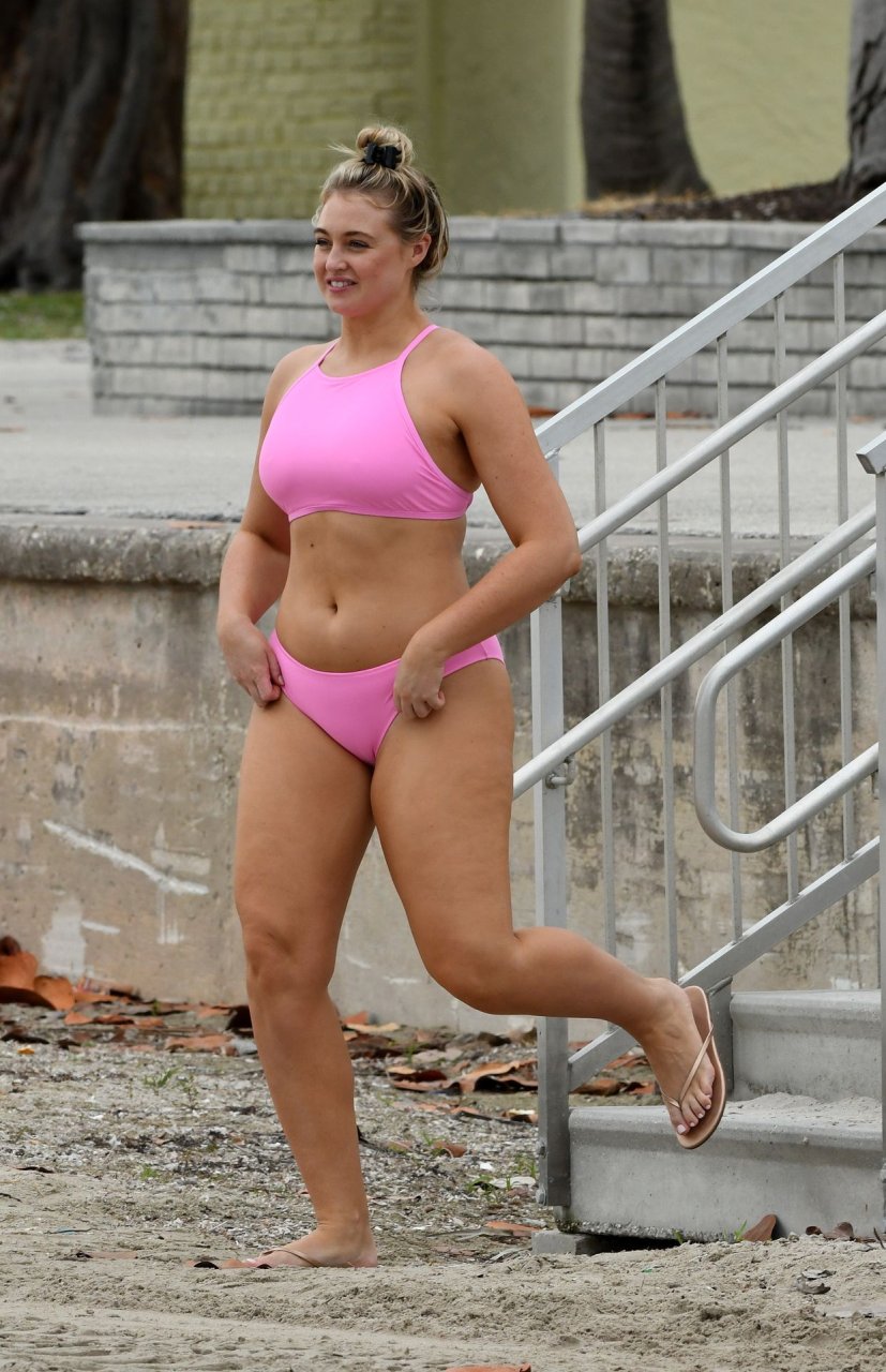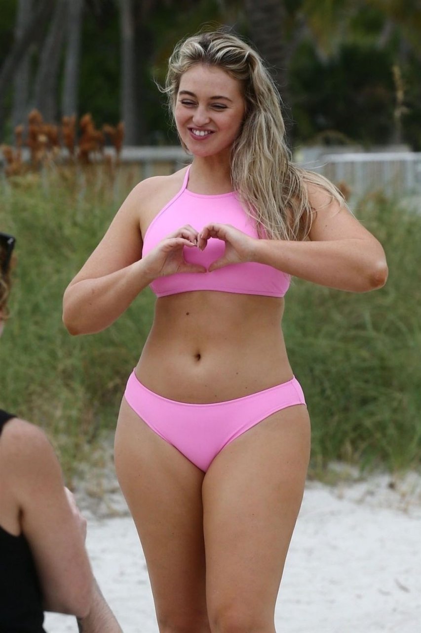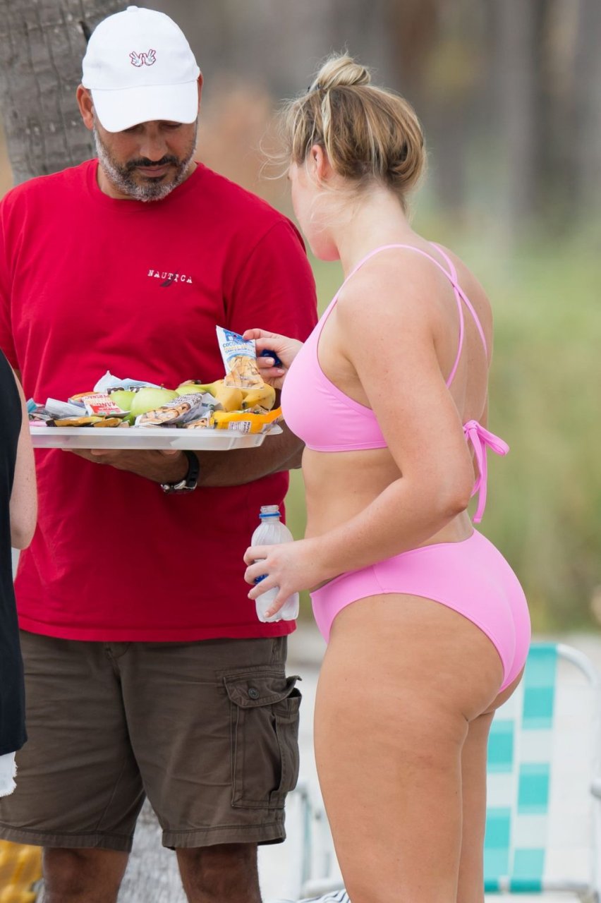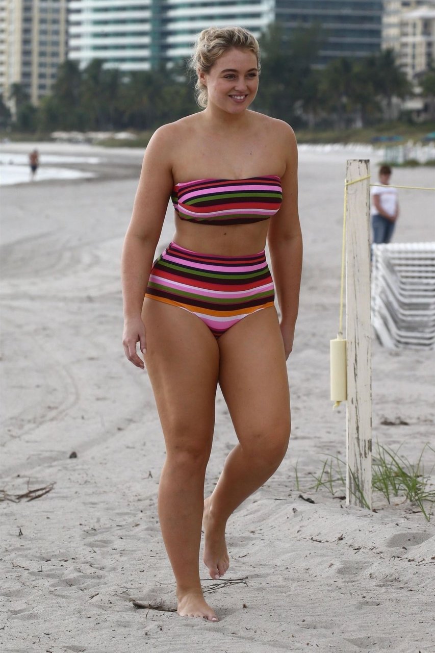 Британская модель Искра Лоренс была замечена на фотосессии для Aerie на пляже в Майами, 27.11.2018. Искра сияла улыбкой, наслаждаясь очередным днем съемок для линии купальников.
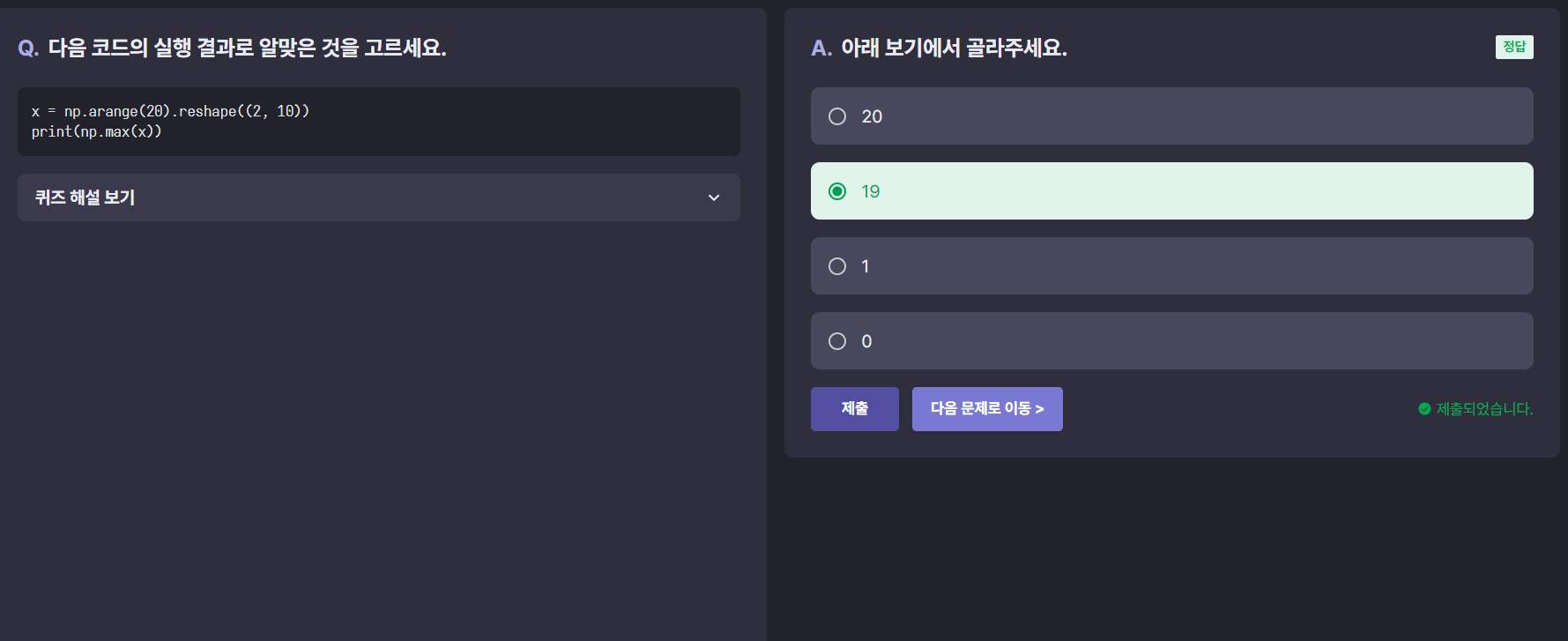 해설 => np.arange(20) 은 0~ 19까지의 숫자이고, reshape((2,10)) 을 통해 행2 열10인 형태로 변환되는데, 집계함수 max( ) 를 이용하여 가장 큰 숫자를 반환해야 하므로 19 를 출력한다.
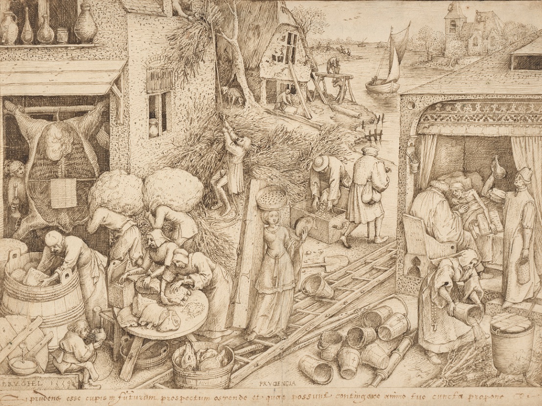 In addition to prudence, temperance, justice, courage, faith, hope, and love make up the other virtues in this series. A few years earlier, Bruegel had completed the series of "The Seven Deadly Sins". At the same time as the symbolic representation, the detailed drawing reflects everyday life and reality in a direct way that was characteristic of Bruegel's works.
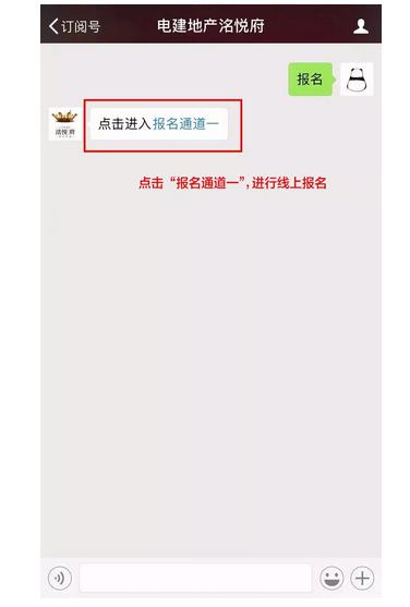 现可以在线进入报名登记,进入公众号“电建地产洺悦府”,输入“报名“并发送至公众号后台,后台会自动回复“报名通道一”。点击“报名通道一”,填写相关资料后,即可报名。一份购房证明只能报名一次;一个报名序号对应一个购房证明号,即不同的购房证明号持有人不能合并报名;摇号结果查询请关注:南京公证处官网公示。
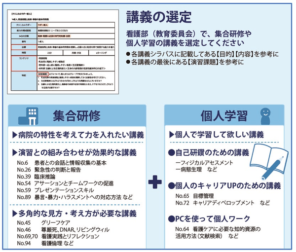 ① 集合研修、個人学習の講義を選定
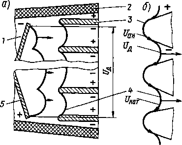 Деионные решетки увеличивают падение напряжения в дуге, не удлиняя ее. Их набирают из металлических изолированных одна от другой пластинок 3 (рис.164, а), расположенных в дугогасительной камере 2 поперек оси дуги 4. Дуга, перемещаясь, с рогов / и 5, делится решеткой на большое число последовательных дуг, каждая из которых имеет свое околоэлектронное падение напряжения В результате этого общее падение напряжения в дуге иа — (£/кат + + иая) — (рис. 164, б) резко увеличивается (здесь п — число решеток). Взаимодействие магнитного поля дуги с магнитными полями, образуемыми токами в перегородках, создает дополнительные силы, перемещающие дугу внутрь решетки.
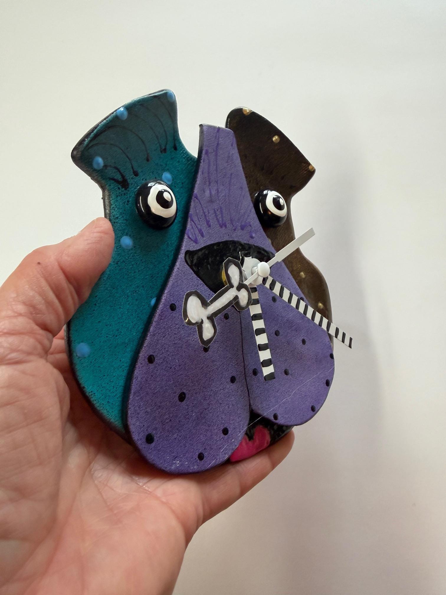This original design makes a fantastic gift for any dog lover or a fun addition to your own decor. Each clock is equipped with a top-quality quartz movement, tested for accuracy, and a large hanger on the back ensures easy installation. Embrace the charm of handmade art with this adorable clock, crafted by an artist who takes pride in creating pieces that bring joy and character to your home.
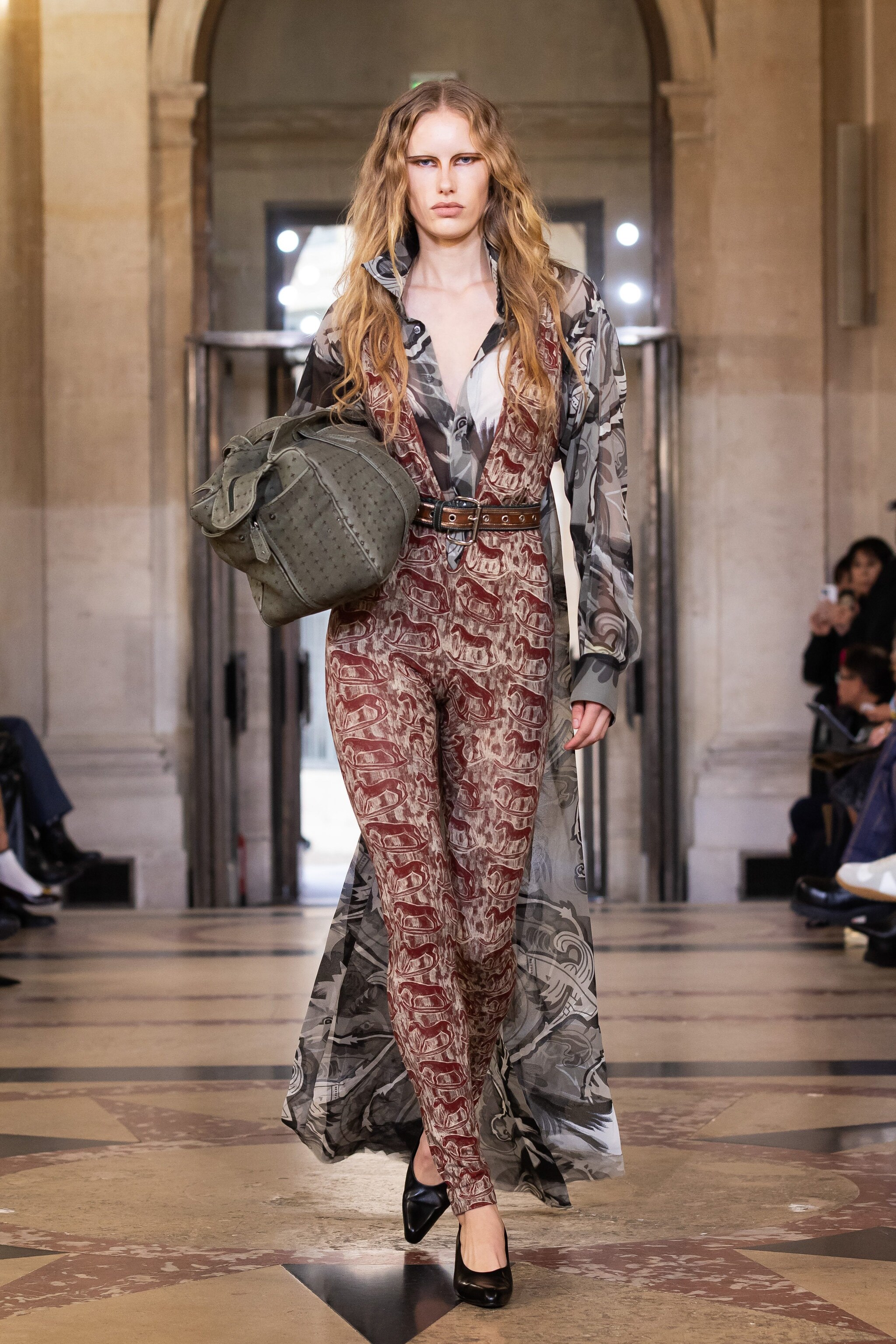 Tartan mescolato con fantasie animalier o floreali e ancora ghirigori stampati su abiti strapless, modelli asimmetrici, drappeggi e completi con blazer oversize sfilano alla Paris Fashion Week sulla passerella Primavera/Estate 2026 di Vivienne Westwood by Andreas Kronthaler
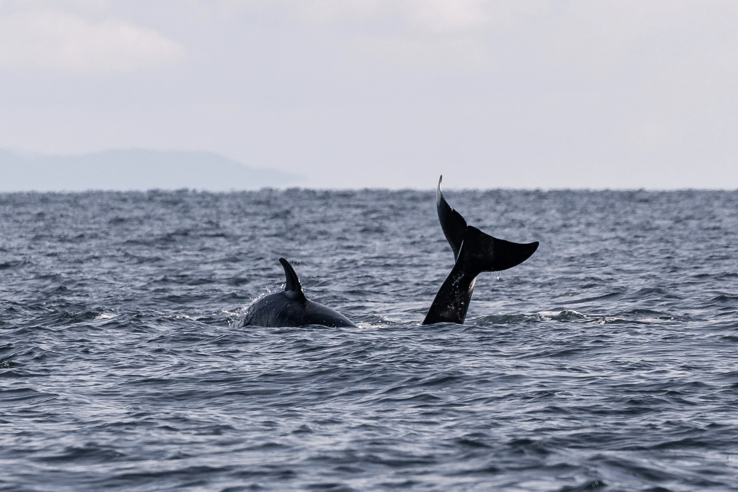 It wasn’t long until we spotted them: splashes and dorsal fins in the distance. We had found the whales!
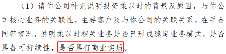 深交所要求公司补充说明投资柔以时的背景及原因,与公司核心业务的关联性,主要客户及与公司的关联关系,在手合同等情况,说明柔以时相关业务是否已形成稳定业务模式,是否具备可持续性,是否具有商业实质。
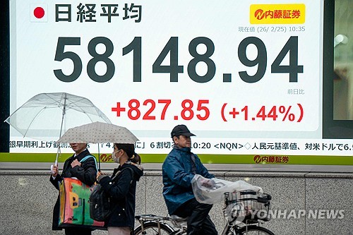 (도쿄=연합뉴스) 경수현 박상현 특파원 = 일본 증시 대표 주가지수인 닛케이225 평균주가(닛케이지수)가 25일 58,000선을 다시 돌파하며 역대 최고치를 경신했다.
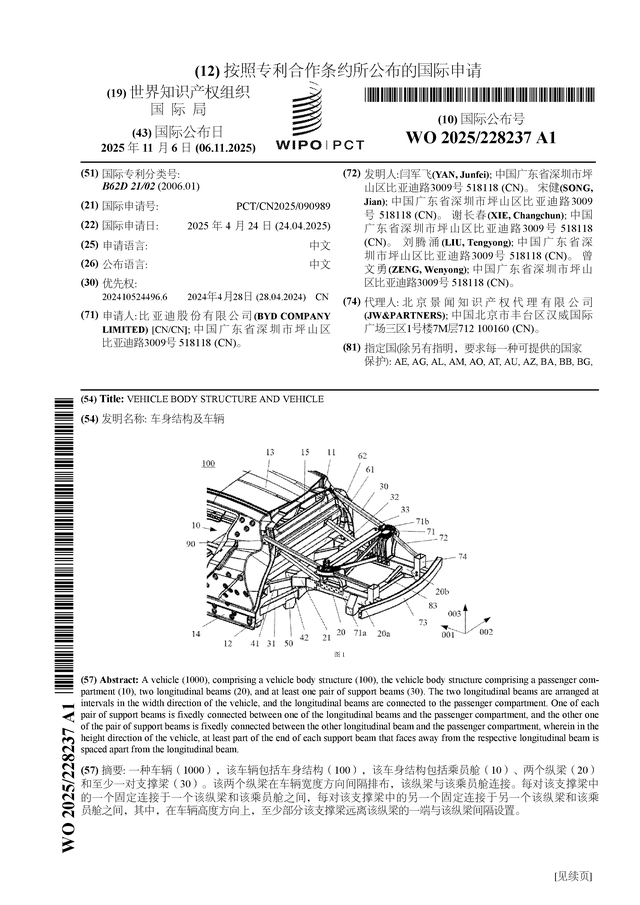 证券之星消息,根据企查查数据显示比亚迪(002594)公布了一项国际专利申请,专利名为“车身结构及车辆”,专利申请号为PCT/CN2025/090989,国际公布日为2025年11月6日。
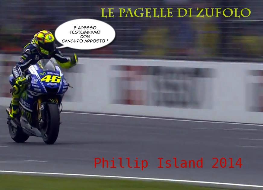 Valentino Rossi 9: Al posto giusto al momento giusto. In qualifica il solito chihuaua impaurito, ma poi in gara è un vero mastino. Lui e Lorenzo se le danno di santa ragione finché la gomma di quest’ultimo si scioglie come un biscotto bagnato. Marc anticipa il regalo di natale per l’italiano, stendendosi alla curva 10 e consegnandogli così la vittoria. Santa Claus is coming to Australia. E Vale è stato un bambino bravo.

+++

◆ **Exercise instructions**:
Could you output the full set of entries exactly, skipping every picture?

◆ **Written reply**:
 Британская модель Искра Лоренс была замечена на фотосессии для Aerie на пляже в Майами, 27.11.2018. Искра сияла улыбкой, наслаждаясь очередным днем съемок для линии купальников.
 해설 => np.arange(20) 은 0~ 19까지의 숫자이고, reshape((2,10)) 을 통해 행2 열10인 형태로 변환되는데, 집계함수 max( ) 를 이용하여 가장 큰 숫자를 반환해야 하므로 19 를 출력한다.
 In addition to prudence, temperance, justice, courage, faith, hope, and love make up the other virtues in this series. A few years earlier, Bruegel had completed the series of "The Seven Deadly Sins". At the same time as the symbolic representation, the detailed drawing reflects everyday life and reality in a direct way that was characteristic of Bruegel's works.
 现可以在线进入报名登记,进入公众号“电建地产洺悦府”,输入“报名“并发送至公众号后台,后台会自动回复“报名通道一”。点击“报名通道一”,填写相关资料后,即可报名。一份购房证明只能报名一次;一个报名序号对应一个购房证明号,即不同的购房证明号持有人不能合并报名;摇号结果查询请关注:南京公证处官网公示。
 ① 集合研修、個人学習の講義を選定
 Деионные решетки увеличивают падение напряжения в дуге, не удлиняя ее. Их набирают из металлических изолированных одна от другой пластинок 3 (рис.164, а), расположенных в дугогасительной камере 2 поперек оси дуги 4. Дуга, перемещаясь, с рогов / и 5, делится решеткой на большое число последовательных дуг, каждая из которых имеет свое околоэлектронное падение напряжения В результате этого общее падение напряжения в дуге иа — (£/кат + + иая) — (рис. 164, б) резко увеличивается (здесь п — число решеток). Взаимодействие магнитного поля дуги с магнитными полями, образуемыми токами в перегородках, создает дополнительные силы, перемещающие дугу внутрь решетки.
This original design makes a fantastic gift for any dog lover or a fun addition to your own decor. Each clock is equipped with a top-quality quartz movement, tested for accuracy, and a large hanger on the back ensures easy installation. Embrace the charm of handmade art with this adorable clock, crafted by an artist who takes pride in creating pieces that bring joy and character to your home.
 Tartan mescolato con fantasie animalier o floreali e ancora ghirigori stampati su abiti strapless, modelli asimmetrici, drappeggi e completi con blazer oversize sfilano alla Paris Fashion Week sulla passerella Primavera/Estate 2026 di Vivienne Westwood by Andreas Kronthaler
 It wasn’t long until we spotted them: splashes and dorsal fins in the distance. We had found the whales!
 深交所要求公司补充说明投资柔以时的背景及原因,与公司核心业务的关联性,主要客户及与公司的关联关系,在手合同等情况,说明柔以时相关业务是否已形成稳定业务模式,是否具备可持续性,是否具有商业实质。
 (도쿄=연합뉴스) 경수현 박상현 특파원 = 일본 증시 대표 주가지수인 닛케이225 평균주가(닛케이지수)가 25일 58,000선을 다시 돌파하며 역대 최고치를 경신했다.
 证券之星消息,根据企查查数据显示比亚迪(002594)公布了一项国际专利申请,专利名为“车身结构及车辆”,专利申请号为PCT/CN2025/090989,国际公布日为2025年11月6日。
 Valentino Rossi 9: Al posto giusto al momento giusto. In qualifica il solito chihuaua impaurito, ma poi in gara è un vero mastino. Lui e Lorenzo se le danno di santa ragione finché la gomma di quest’ultimo si scioglie come un biscotto bagnato. Marc anticipa il regalo di natale per l’italiano, stendendosi alla curva 10 e consegnandogli così la vittoria. Santa Claus is coming to Australia. E Vale è stato un bambino bravo.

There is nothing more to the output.